Nitrotriazolone
- Names: Preferred IUPAC name 5-nitro-1,2-dihydro-3H-1,2,4-triazol-3-one

Identifiers
- CAS Number: 932-64-9;
- 3D model (JSmol): Interactive image;
- Abbreviations: NTO
- ChemSpider: 2696109;
- ECHA InfoCard: 100.012.050
- EC Number: 213-254-4;
- MeSH: C420648
- PubChem CID: 3453883;
- UNII: 43WPQ5QCE3;
- UN number: 0490
- CompTox Dashboard (EPA): DTXSID80883616 ;

Properties
- Chemical formula: C_{2}H_{2}N_{4}O_{3}
- Molar mass: 130.063 g·mol^{−1}
- Appearance: Off white, yellowish beige color to light yellow powder, crystals, or prills
- Odor: Odourless
- Density: 1.9 g/cm^{3} (20 °C)
- Melting point: 268–271 °C (514–520 °F; 541–544 K)
- Solubility in water: 17,200 mg/L
- Solubility: Soluble in acetone, ethyl acetate Slightly soluble in dichloromethane
- log P: −1.699 (22 °C)
- Acidity (pK_{a}): 3.76 (20 °C)

Explosive data
- Shock sensitivity: Very low
- Friction sensitivity: Very low
- Detonation velocity: 8,500 m/s

Thermochemistry
- Heat capacity (C): 124.5 J/K at (47 °C)
- Std enthalpy of combustion (Δ_{c}H^{⦵}_{298}): −934.4 kJ/mol
- Hazards: GHS labelling:
- Pictograms: GHS01: Explosive GHS02: Flammable GHS07: Exclamation mark
- Signal word: Danger
- Hazard statements: H209, H223, H242, H301, H313, H315, H319, H333, H335
- Precautionary statements: P210, P220, P260, P262, P270, P280

= Nitrotriazolone =

Nitrotriazolone (NTO) is a cyclic semicarbazide-derived high explosive first identified in 1905, but not thoroughly researched until the 1980s. NTO is currently being used by the US Army in specialty insensitive munitions.

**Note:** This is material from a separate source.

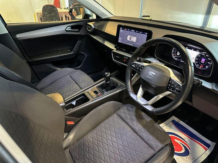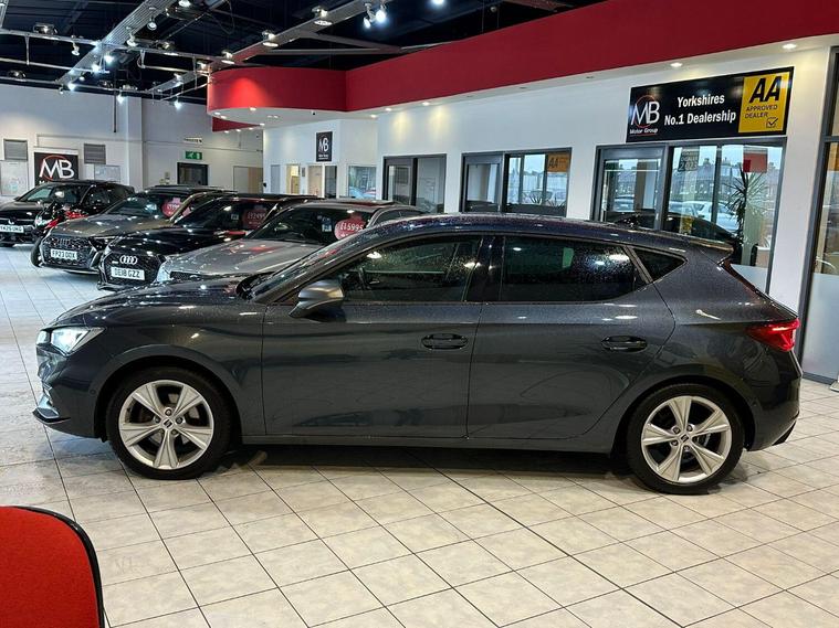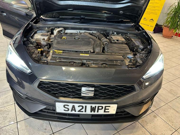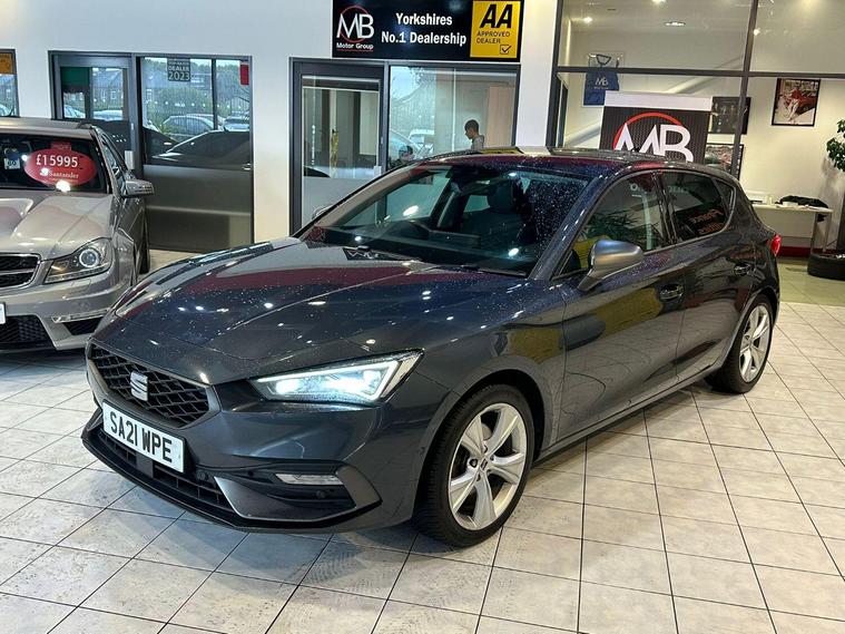 SEAT Leon 1.5 TSI EVO FR (2021) Professional Overview, Vehicle Summary, Make & Model: SEAT Leon, Variant: 1.5 TSI EVO FR, Year: 2021, Fuel Type: Petrol, Transmission: 6-speed Manual, Colour: Grey (Magnetic Grey Metallic or equivalent), Body Style: 5-door Hatchback, Owners: [Not specified can be added if needed], Key Features & Specifications, Performance & Efficiency, Engine: 1.5-litre TSI EVO 4-cylinder turbocharged petrol, Power Output: 150 hp (110 kW), Torque: 250 Nm, Transmission: 6-speed manual gearbox, Top Speed: ~137 mph (220 km/h), Acceleration (060 mph): ~8.4 seconds, Fuel Economy: Up to 51.4 mpg (combined WLTP), CO Emissions: ~126 g/km, Exterior Features, FR Trim Level: Sportier design enhancements including, Full LED headlights and rear lights, FR-specific bumpers and honeycomb grille, Twin exhaust finishers, Wheels: 17-inch Dynamic alloy wheels (18-inch optional), Mirrors: Electrically adjustable, heated, and folding, Tinted Windows: Rear privacy glass, Body Finish: Gloss black accents and sculpted side skirts, Interior & Comfort, Seats: Sports seats with red stitching and FR branding, Upholstery: Premium cloth (Alcantara or leather optional), Steering Wheel: Flat-bottom leather FR multifunction steering wheel, Climate Control: 3-zone digital climate control, Ambient Lighting: Customisable LED ambient cabin lighting, Boot Capacity: 380 litres (up to 1, 210 litres with rear seats folded), Technology & Infotainment, Touchscreen Display: 10-inch SEAT Digital Cockpit with gesture control, Navigation: SEAT Connect with real-time traffic and map updates, Smartphone Integration:, Wireless Apple CarPlay, Android Auto (wired or wireless), Connectivity: Wireless phone charger, USB-C ports, Bluetooth, Voice Control: Natural speech recognition via infotainment system, Driver Assistance & Safety, Front & Rear Parking Sensors, Rear View Camera (optional), Adaptive Cruise Control (ACC), Lane Keep Assist, Forward Collision Warning with Automatic Emergency Braking, Tiredness Recognition System, Traffic Sign Recognition, Airbags: Front, side, curtain, and drivers knee airbag, ISOFIX: Child seat anchor points on outer rear seats, Professional Remarks, The 2021 SEAT Leon 1.5 TSI EVO FR blends Spanish flair with Volkswagen Group engineering, offering a sporty driving experience and modern tech in a stylish hatchback. The 150hp TSI engine delivers lively performance with excellent fuel efficiency, while the FR trim adds a dynamic edge inside and out. A fantastic choice for drivers who want engaging performance, sleek design, and everyday usability all at a great value compared to German rivals. The specification and technical details in this advert are pulled through from a third-party source. MB Motor Group therefore cannot guarantee or warrant the accuracy of this information. We therefore kindly ask customers to check the specification of their chosen car to ensure it meets all of their requirements prior to purchase.

Nitrotriazolone is getting progressively adopted in novel explosive formulations, such as IMX-101, a new, safer alternative to TNT specially devised in 2010 by BAE Systems, where it is combined with 2,4-dinitroanisole (DNAN) and nitroguanidine. As such, NTO is found in the vast majority of IMX formulations. The Picatinny Arsenal has also adopted the implementation of NTO and DNAN in many of their likewise newly developed insensitive explosive mixtures, which share many of the same applications of the IMXs.

== Properties ==
Nitrotriazolone shows keto–enol tautomerism through proton transfer reactions. The keto form shows significantly different stability to heat, friction, and impact.

Nitrotriazolone can form either a mono- or dihydrate.

== Preparation ==
NTO was first made in 1905 in a two step process. Semicarbazide hydrochloride is condensed with formic acid to produce 1,2,4-triazol-3-one, which is nitrated with nitric acid to form nitrotriazolone.

== Toxicity ==
In vivo studies showed the nitrotriazolone is absorbed through the skin and gastrointestinal tract. In the kidneys, NTO is broken down into 5-amino-1,2,4-triazol-3-one, which undergoes oxidative denitrification and forms urazoles and nitrites in rats.